A Patient's Guide to Artificial Joint Replacement of the Thumb
If nonsurgical treatments are not successful in easing problems of thumb arthritis, your doctor may recommend replacing the surfaces of the joint. Joint replacement surgery is called arthroplasty.
This guide will help you understand
- which parts of the thumb are involved
- how surgeons perform this surgery
- what to expect before and after surgery
Which parts of the thumb are involved?
The CMC joint (an abbreviation for carpometacarpal joint) of the thumb is where the metacarpal bone of the thumb attaches to the trapezium bone of the wrist. This joint is sometimes referred to as the basal joint of the thumb. The CMC is the joint that allows you to move your thumb into your palm, a motion called opposition.

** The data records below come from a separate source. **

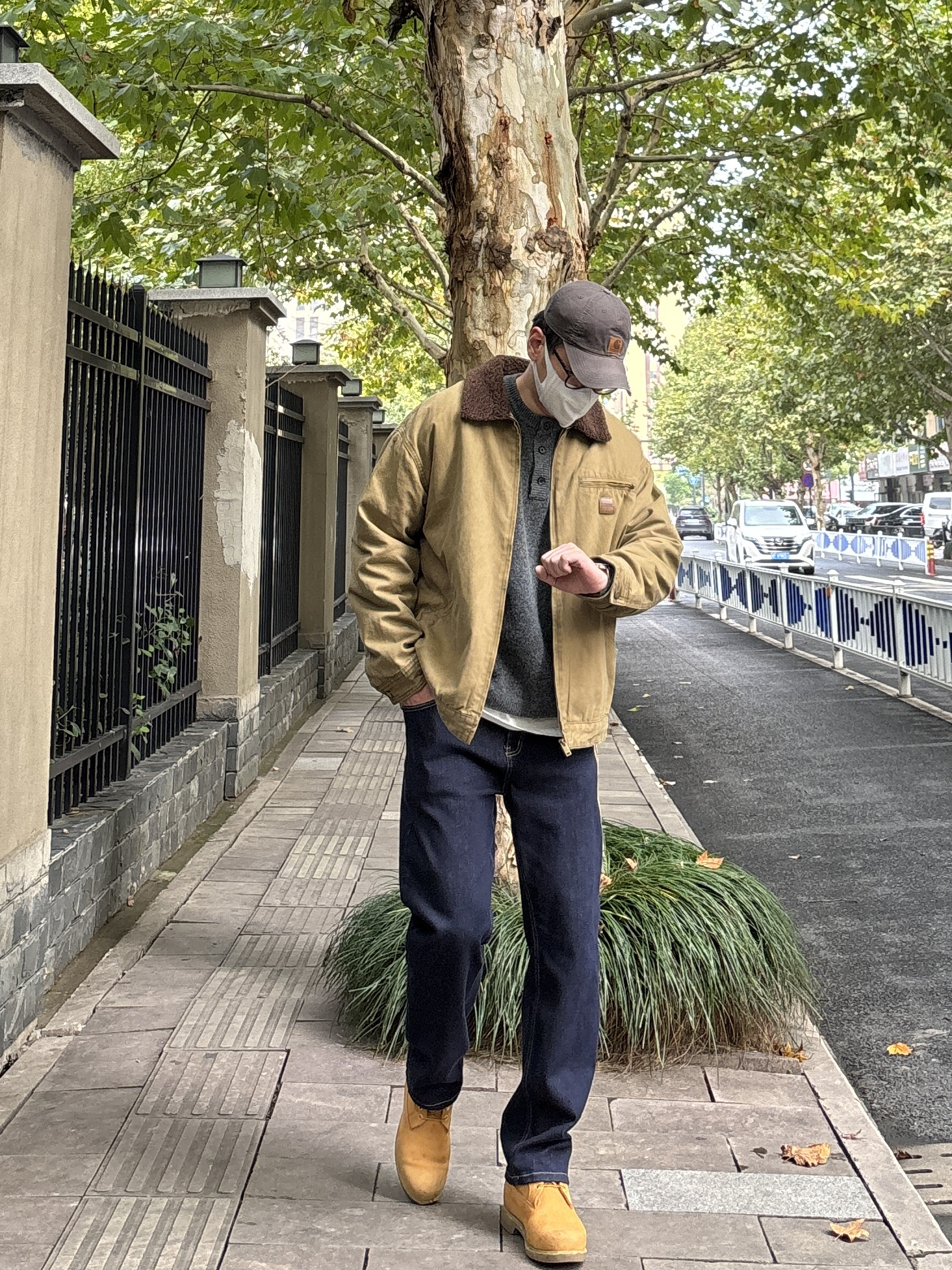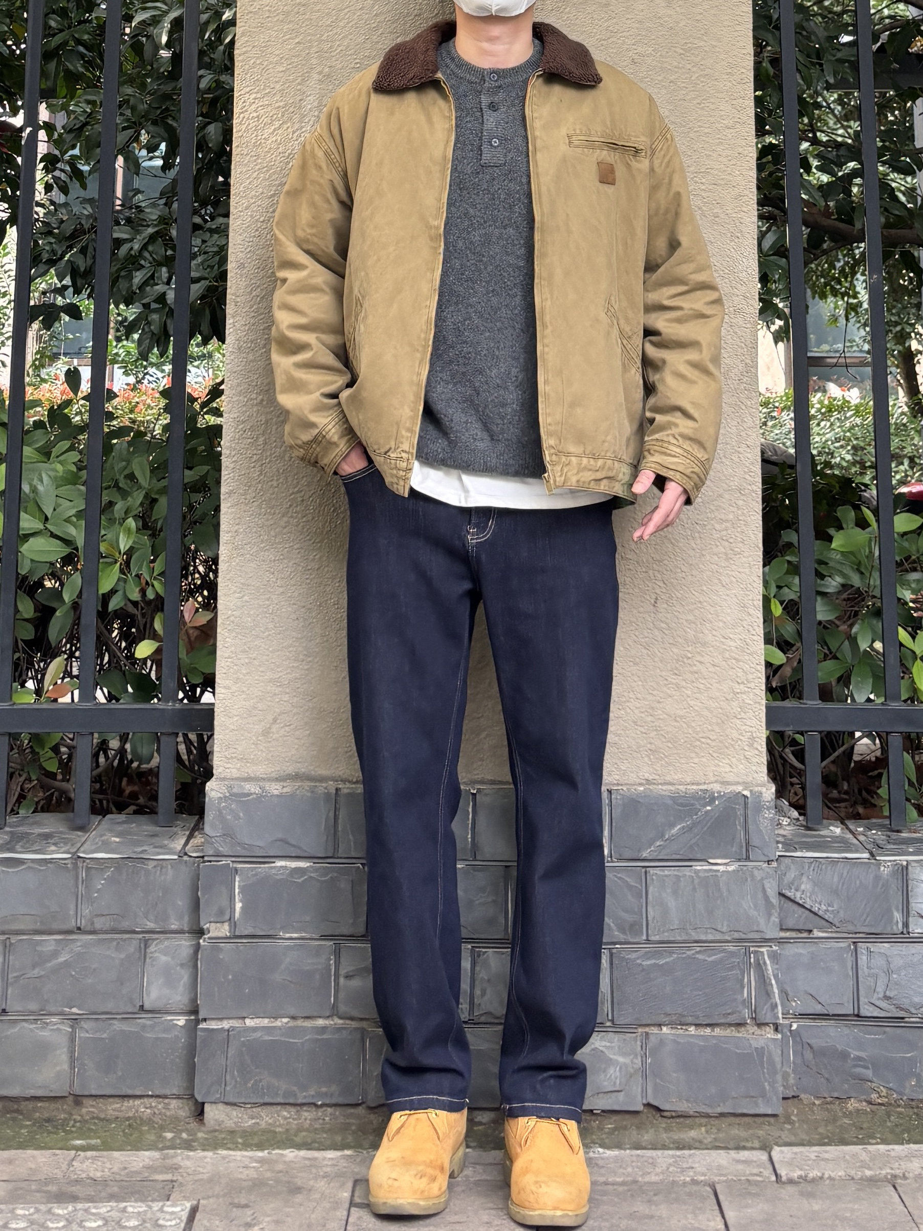 冬天还是得穿工装风,今天这套贼拉有型 底特律羊羔绒棉服夹克+灰色亨利领针织衫,帅的同时也别忘了保暖。 搭配原色直筒牛仔裤和经典中帮工装靴,美式风格,硬朗帅气😎 - 今日穿搭 衣服裤子:NICE LILI 鞋子:timberland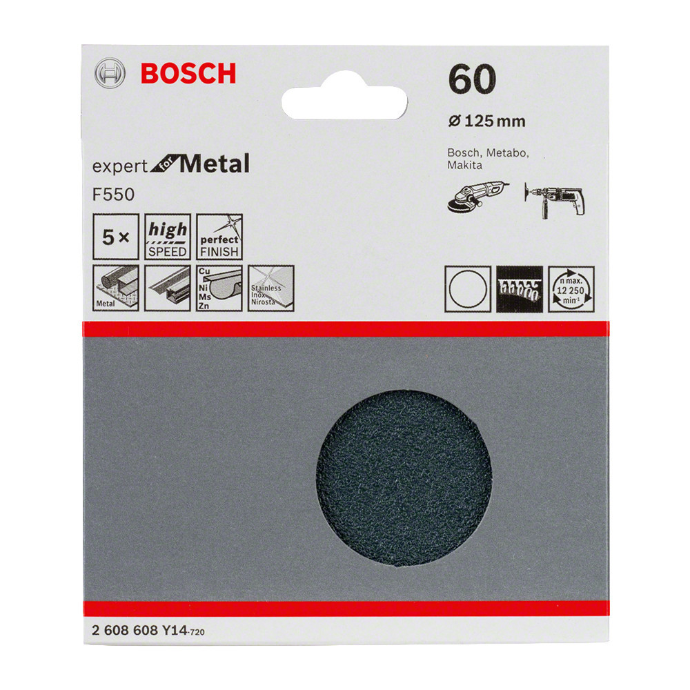 Bosch EXPERT F550 csiszolópapír, Metal 125 mm, P60, lyuk nélkül sarokcsiszolókhoz, 5db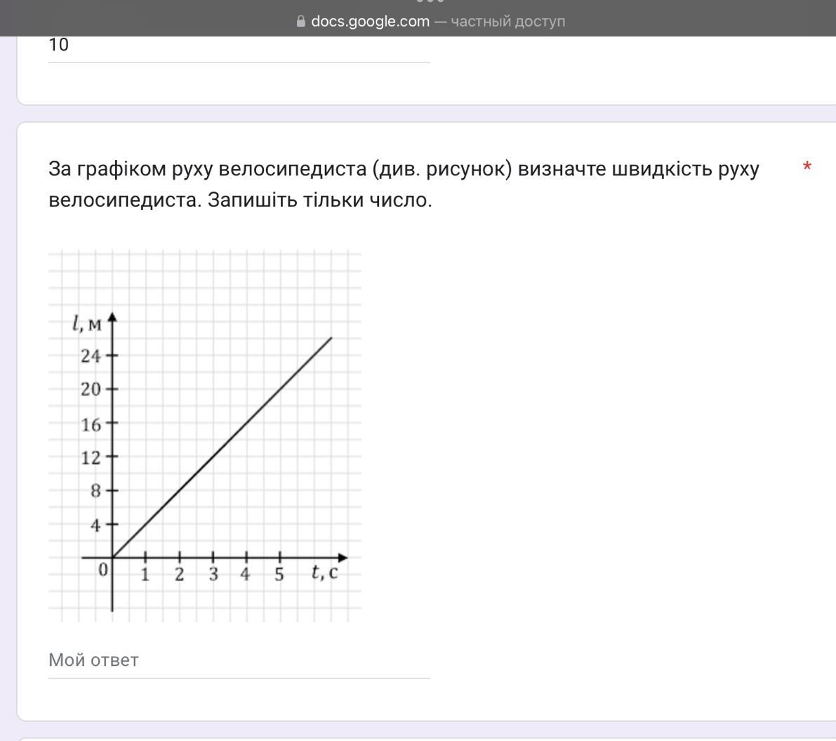 находишь любую координату времени и смотришь по графику расстояние; т.к. скорость = расстояние : время, то от выбора координат тут ничего не изменится. Например, t=1 c, l=4 м (по графику), отсюда v=l/t=4/1=4 м/с; можешь взять другие координаты, но результат будет таким же, ибо движение равномерное прямолинейное и за каждые равные промежутки времени тело проходит одинаковое расстояние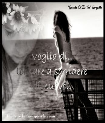 Solo un ultimacosa..mi è capitato piùvolte in questi mesi..di dire basta..di non trovare piula forza di andare avanti..di chiedermi .PERCHE???? PERCHE A ME???...però dai stringero ancora i denti..e spero che prsto un piccolo raggiodi sole..inizi a spuntare..

Several ligaments (bands of strong tissue) hold the joint together. These ligaments join to form the joint capsule of the CMC joint. The joint capsule is a watertight sac around the joint.
The joint surfaces are covered with a material called articular cartilage. This material is the slick, spongy covering that allows one side of a joint to slide against the other joint surface easily. When this material wears out, the joint develops a type of arthritis called osteoarthritis and becomes painful.
Related Document: A Patient's Guide to Hand Anatomy
What does the surgeon hope to achieve?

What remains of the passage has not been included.